### Given material:
┌──

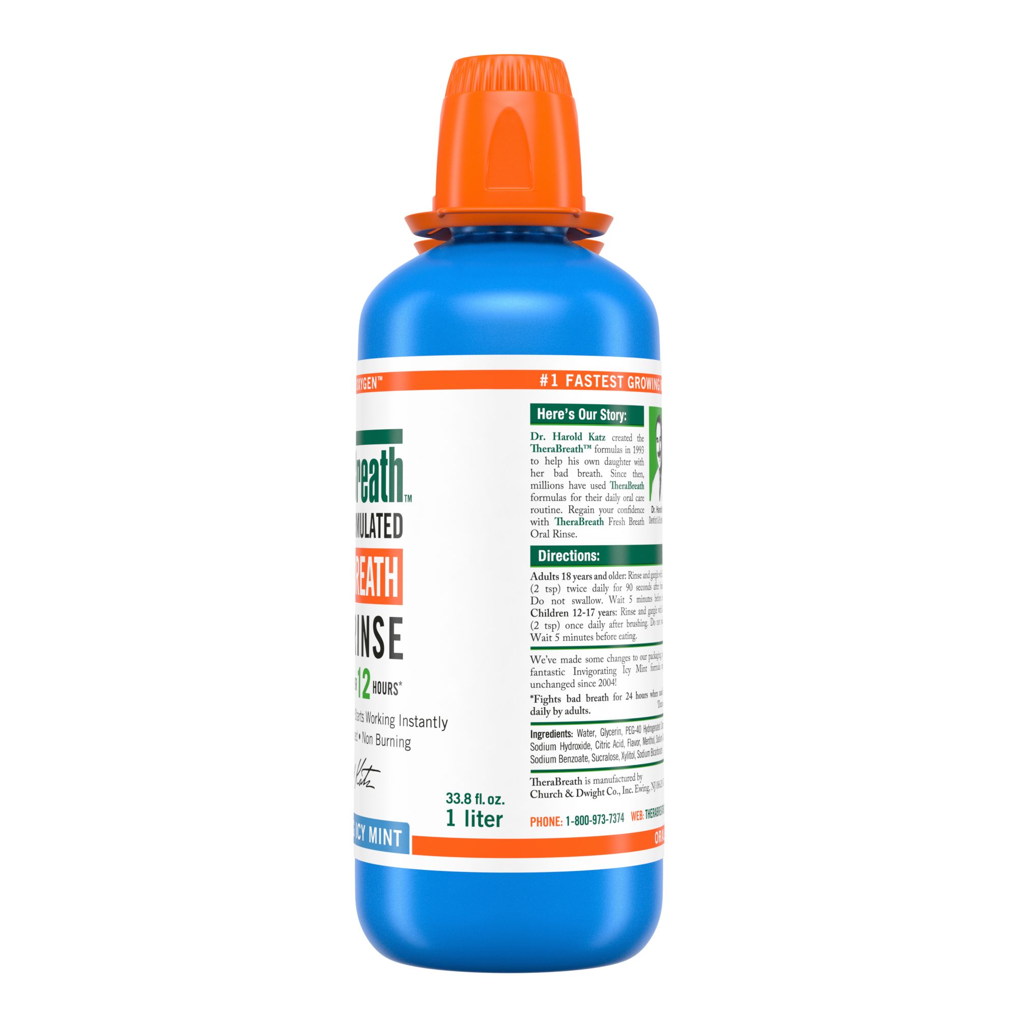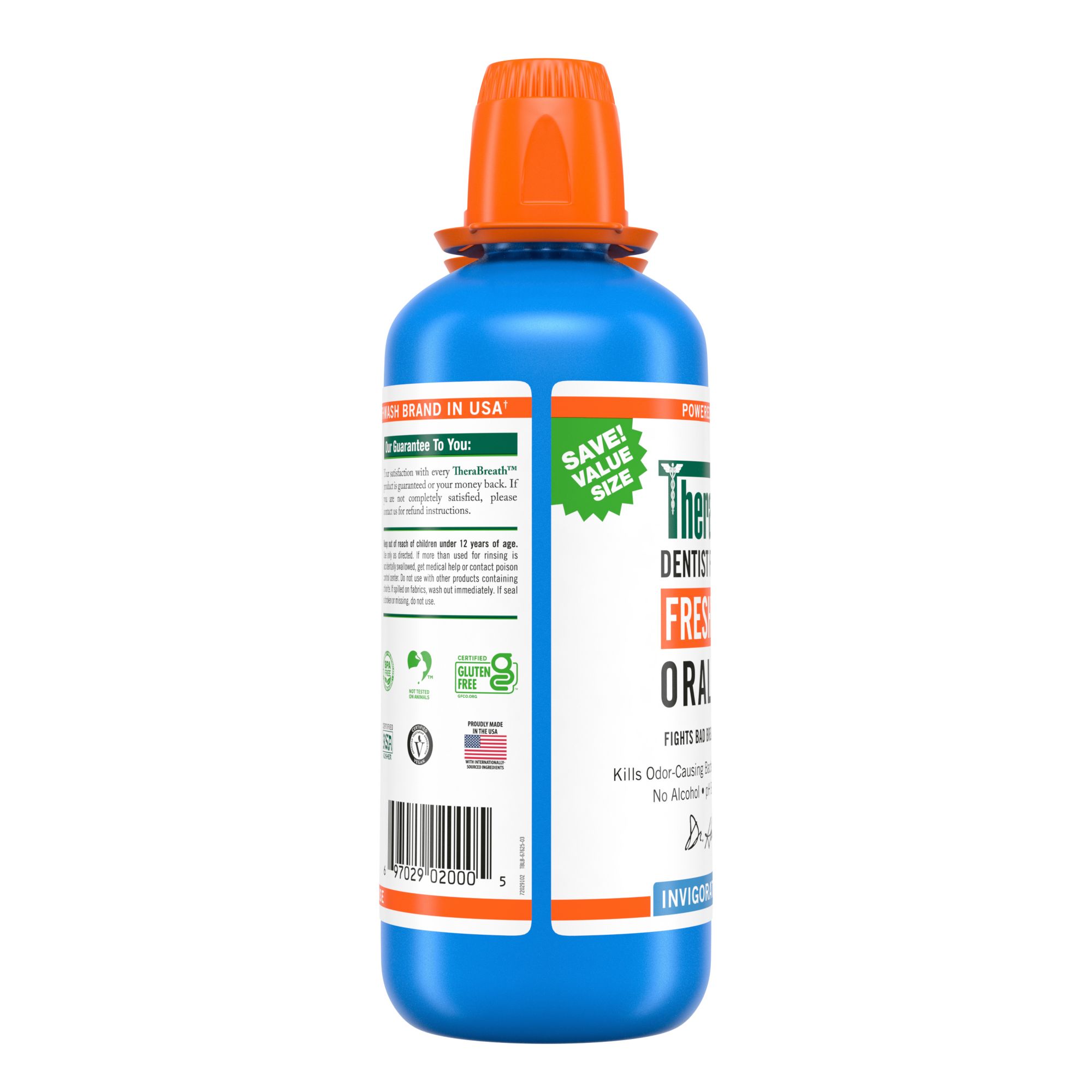 Fights bad breath: TheraBreath Fresh Breath Mouthwash fights bad breath for 24 hours when used every 12 hours after brushing and flossing.
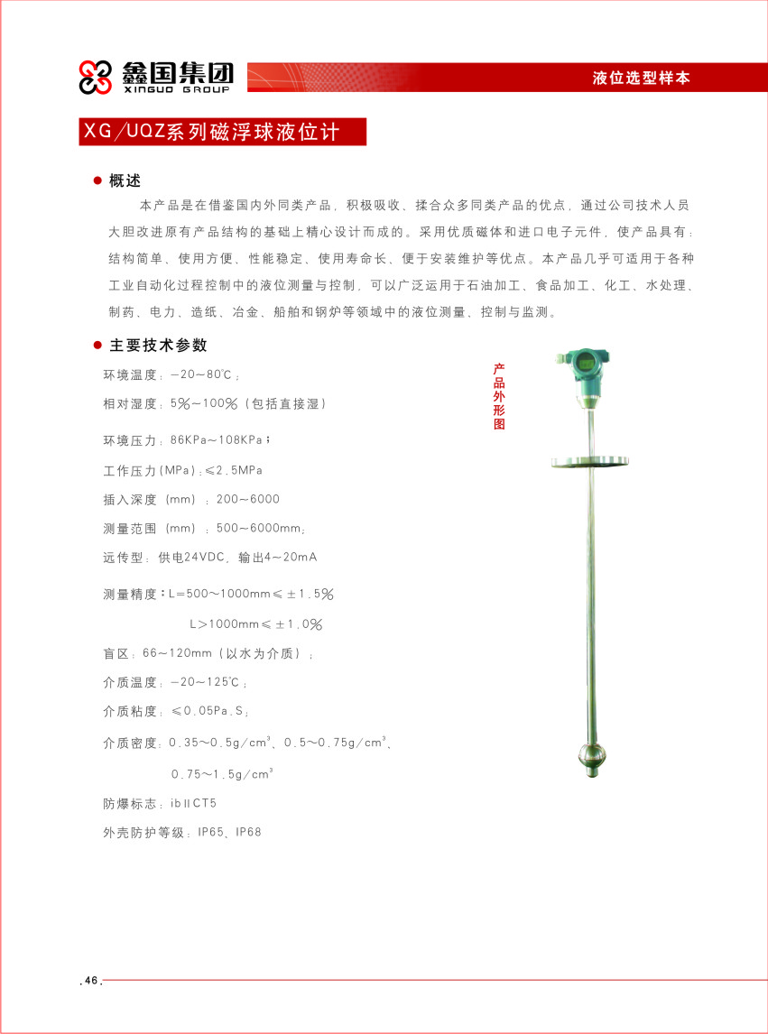 XG / UQZ 系列磁浮球液位計,是在借鑒國內(nèi)外用產(chǎn)品,積極吸收、揉合眾多同類產(chǎn)品的優(yōu)點,通過公司技術人員大膽改進原有產(chǎn)品結構的基礎上精心設計而成的。采用優(yōu)質(zhì)磁體和進口電子元件,使產(chǎn)品具有結構簡單
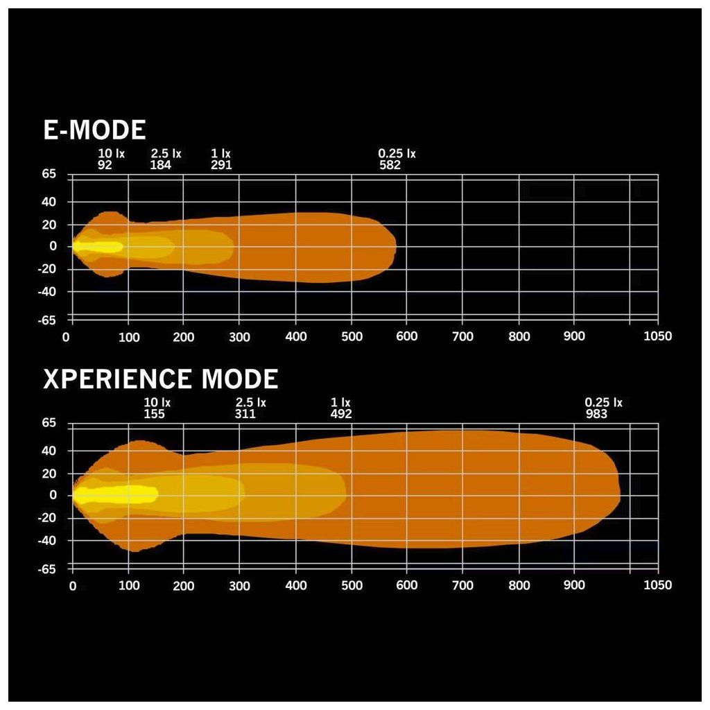 LED rampa nabízí dva režimy výkonu – homologovaný E-mode pro běžný silniční provoz a výkonný Xperience mode pro maximální světelný výkon v náročných podmínkách.
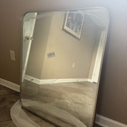 Open Box .Amanti Art Silver Bathroom Mirror for Over Sink, 27x33 Peak Polished Nickel Narrow Rectangle Vanity Mirror,$154 Retail $35Weirton, WV

└──

### Task prompt:
Without including any picture, repeat the data exactly.

### Output for this exercise:
 Fights bad breath: TheraBreath Fresh Breath Mouthwash fights bad breath for 24 hours when used every 12 hours after brushing and flossing.
 XG / UQZ 系列磁浮球液位計,是在借鑒國內(nèi)外用產(chǎn)品,積極吸收、揉合眾多同類產(chǎn)品的優(yōu)點,通過公司技術人員大膽改進原有產(chǎn)品結構的基礎上精心設計而成的。采用優(yōu)質(zhì)磁體和進口電子元件,使產(chǎn)品具有結構簡單
 LED rampa nabízí dva režimy výkonu – homologovaný E-mode pro běžný silniční provoz a výkonný Xperience mode pro maximální světelný výkon v náročných podmínkách.
 Open Box .Amanti Art Silver Bathroom Mirror for Over Sink, 27x33 Peak Polished Nickel Narrow Rectangle Vanity Mirror,$154 Retail $35Weirton, WV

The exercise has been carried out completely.